0

I have n mat-files containing parts of a single huge matrix. I want to load the mat-files and concatenate the row,column,value-vectors to build matrix W. Right now, I'm doing the following, but it's really slow and I know I shouldn't dynamically increase the size of rows,cols,vals:

rows=[];cols=[];vals=[];

for ii=1:n
    var = load( sprintf('w%d.mat', ii) );
    [r,c,v] = find( var.w );

    rows = [rows; r];
    cols = [cols; c];
    vals = [vals; v];
end

W = sparse( rows, cols, vals );

Do you know a better way? Thanks in advance!

Solution

Based on Daniel R's suggestion, I solved it like this:

rows=zeros(maxSize,1);
cols=zeros(maxSize,1);
vals=zeros(maxSize,1);
idx = 1;

for ii=1:n
    var = load( sprintf('w%d.mat', ii) );
    [r,c,v] = find( var.w );        

    len = size(r,1);
    rows(idx:(idx-1+len))=r;
    cols(idx:(idx-1+len))=c;
    vals(idx:(idx-1+len))=v;
    idx = idx+len;
end

W = sparse( rows, cols, vals );

Extremely fast, thanks a lot!

Lisa
  • 3,365
  • 3
  • 19
  • 30
  • actually the code is not valid matlab. it should be `for ii = 1:n` – bdecaf Jan 14 '14 at 11:59
  • Please give the profile results of which lines take most time. Also give the relevant sizes of variables in those lines and check how often these lines are called. – Dennis Jaheruddin Jan 14 '14 at 12:24
  • The `rows=[rows;r];` commands were my problem. I solved it and will update my post accordingly! – Lisa Jan 14 '14 at 12:32
  • relates to http://stackoverflow.com/questions/21023171/variable-appears-to-change-size-on-every-loop-iteration-what – Shai Jan 14 '14 at 12:41

3 Answers3

1

You need to preallocate an array. Assuming r,c and v have the size a*b each.
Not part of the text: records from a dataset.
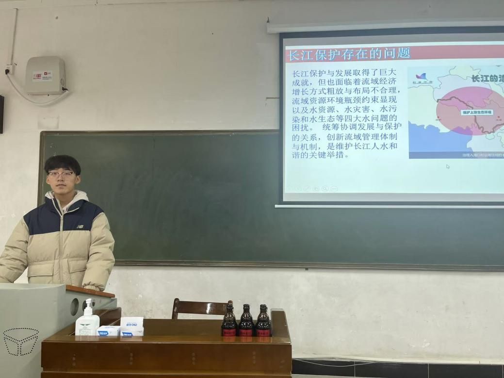 紧接着,团支书围绕“长江对中华民族的意义”这一主题展开了生动讲述。他讲到,长江是中华文化、悠久历史与蓬勃经济的鲜活象征,激发了大家对保护长江、传承中华优秀传统文化的强烈责任感与使命感。
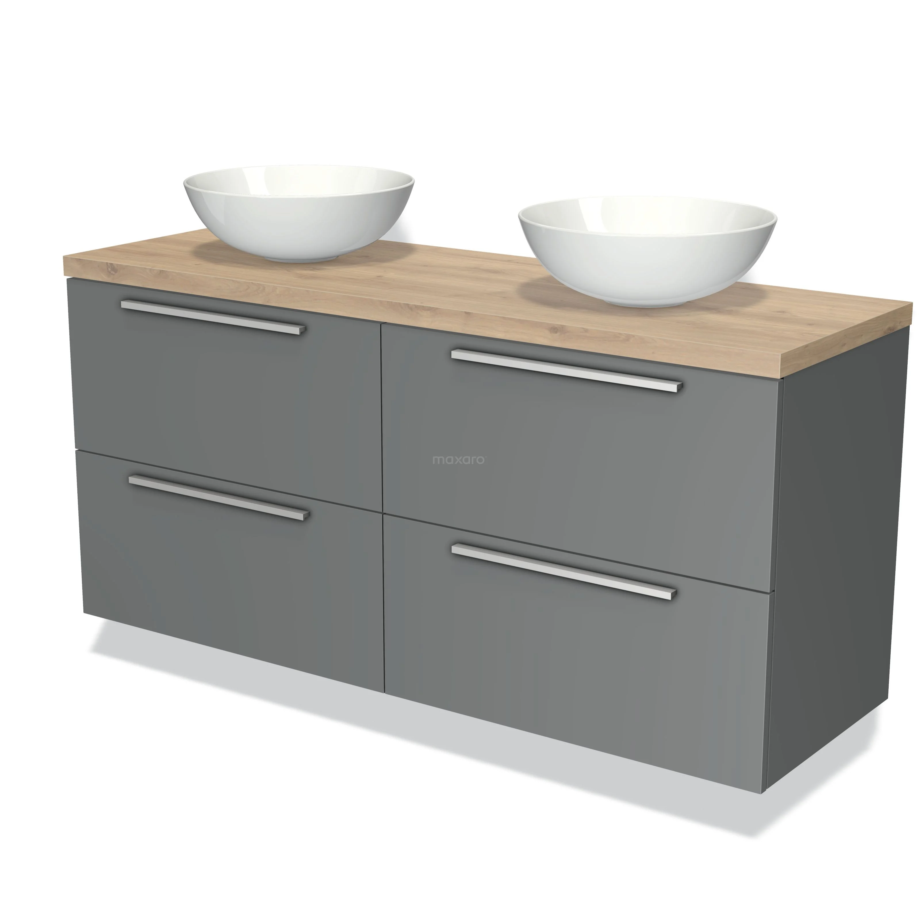 Modulo Plato Badmöbel mit Aufsatzwaschbecken | 140 cm Mittelgrau Flach front Hellbraune Eiche blatt 4 Schubladen
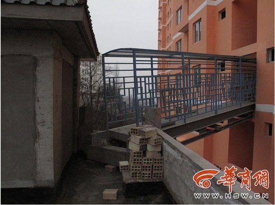 “天橋”一頭架設(shè)在一棟高層住宅樓的8層上,另一頭架設(shè)在旁邊一棟6層樓樓頂
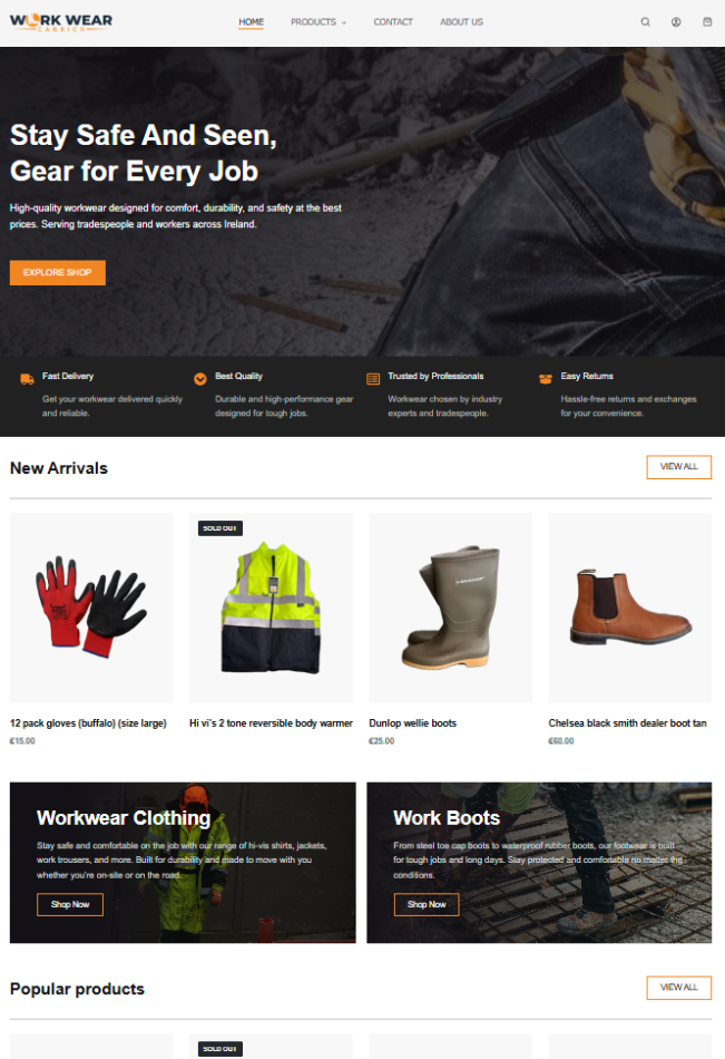 Work Wear Carrick – An online shop developed for a local workwear supplier, allowing customers to browse and order products with ease. Designed for clear product presentation, secure shopping experience, and local business feel.

In total, you need a*n rows and b columns, thus preallocate using rows=nan(a*n,b)

To write the Data into the array, you have to set the correct indices: rows((ii-1)*a+1:ii*a,1:end)=r

Daniel
  • 36,610
  • 3
  • 36
  • 69
  • 1
    The problem is I don't know the dimension of `r`,`c`,`v`. However, I guess this could work anyway, by allocating `rows`,`cols`,`vals` at a maximum size and determining the size of each sub-matrix on the fly. Thanks already, I'll try this and get back to you! – Lisa Jan 14 '14 at 11:51
0

A few ideas.

  • It looks to me the matrices have the same sizes.
  • Another bottleneck might be the find function.
  • could it happen that two matrices have different values at the same index? That might lead to problems.

You could do:

 var = load( 'w1.mat' );
 W = var.w;
 for ii  = 2:n
    var = load( sprintf('w%d.mat', ii) );
    ig = var.w~=0;
    W(ig) = var.w(ig);
 end

in case var.w is not sparse add a W = sparse(W)

bdecaf
  • 4,652
  • 23
  • 44
  • Thanks for your answer. To your remarks: 1. It's true that the matrices have the same size. 2. The find function is very fast and normally not a bottleneck. 3. Good catch, but fortunately this can't happen in my case. Your solution works, but write access to sparse matrices in that way is very very slow and should be avoided because of the way sparse matrices are organised (more information [here](http://www.mathworks.co.uk/help/matlab/math/accessing-sparse-matrices.html) if you're interested). – Lisa Jan 14 '14 at 12:10
  • I see - is your matrix small enough that you can have it in memory in full form? Then it might be faster. – bdecaf Jan 14 '14 at 12:17
  • No, that's not possible unfortunately. I found a solution in the meantime, thanks for your inputs, though! – Lisa Jan 14 '14 at 12:39
0

Here is a trick that sometimes helps to speed things up as if your variables were initialized. However, sometimes it just does not help so the only way to find out is to try:

Replace lines like:

rows = [rows; r];

by lines like:

rows(end+(1:numel(r))) = r;
Dennis Jaheruddin
  • 21,208
  • 8
  • 66
  • 122